We have put together a document describing potential use cases where a user would be looking to use the pipeline available for downstream single-cell analysis. The beginning of the document describes three types of potential users that we have kept in mind while generating the use cases. We will then use these use cases to identify what requirements we need to have in our pipeline.

Note that we did include some cases that could be beneficial to have, but may be too niche and outside the scope of what we actually would like to include in the pipeline. If you think there is something that should not be included, or is not a candidate for being incorporated, please comment that so we can better prioritize when making requirements.

On that same note, if there are additional uses that you think of that we may have missed please also include that in your comments.

Tagging relevant folks on the science team, @jashapiro @jaclyn-taroni @cbethell @sjspielman, to take a look.
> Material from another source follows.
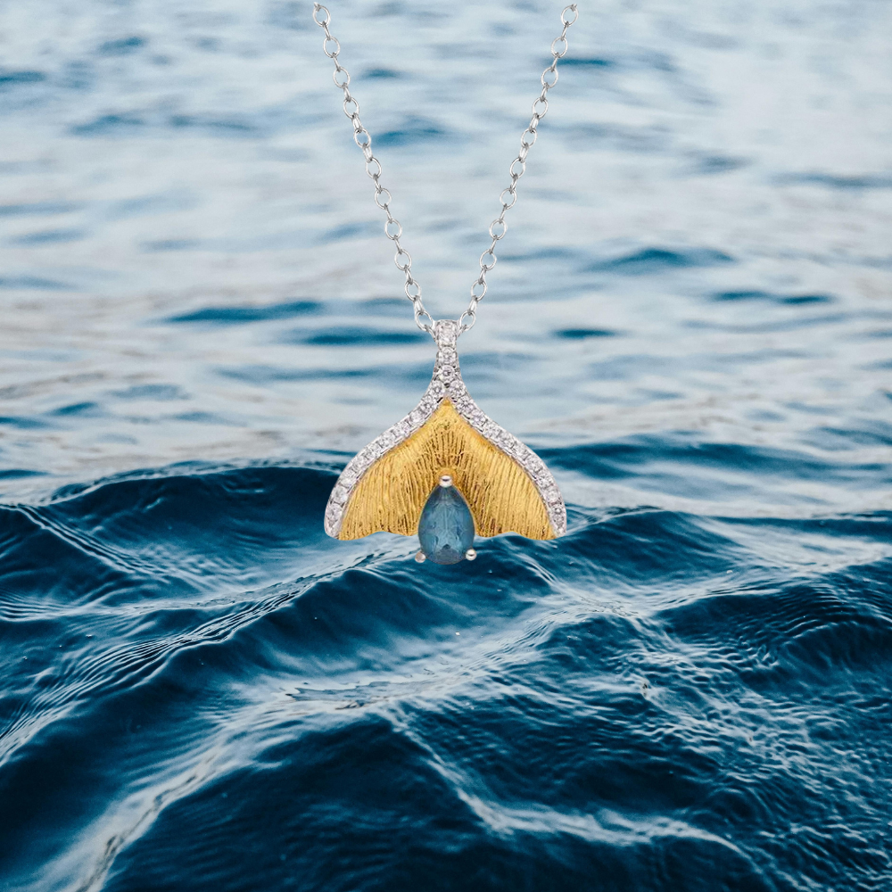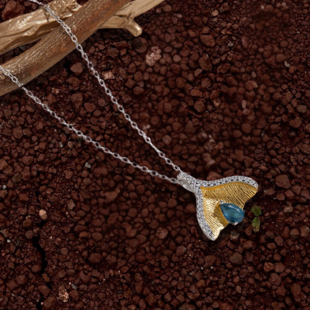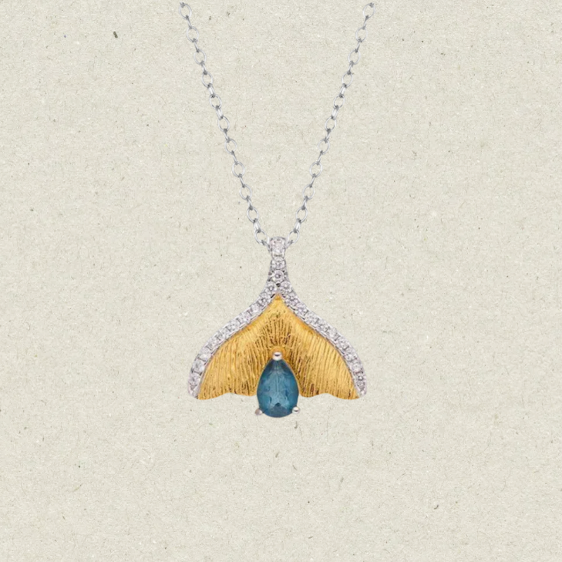 The necklace features a combination of gold and silver. The pendant has a distinctive shape that resembles a mermaid tail.The central blue topaz is surrounded by smaller clear gemstones.

Please go through the document and leave any comments by EOD on Friday, March 4th.

jaclyn-taroni commented 2 years ago

I've taken a look at the document. I think that anything for Bio Experts is going to be outside the scope of this project because:

jashapiro commented 2 years ago

I've taken a look at the document. I think that anything for Bio Experts is going to be outside the scope of this project because:

  • Having it work will require getting the environment set up correctly. Consider the bumps we've had internally with working with renv which is now a requirement.
  • That audience is probably better served by us moving some of the steps (e.g., normalization) with "sensible defaults" into the production pipeline and being able to download it from the web interface of the portal.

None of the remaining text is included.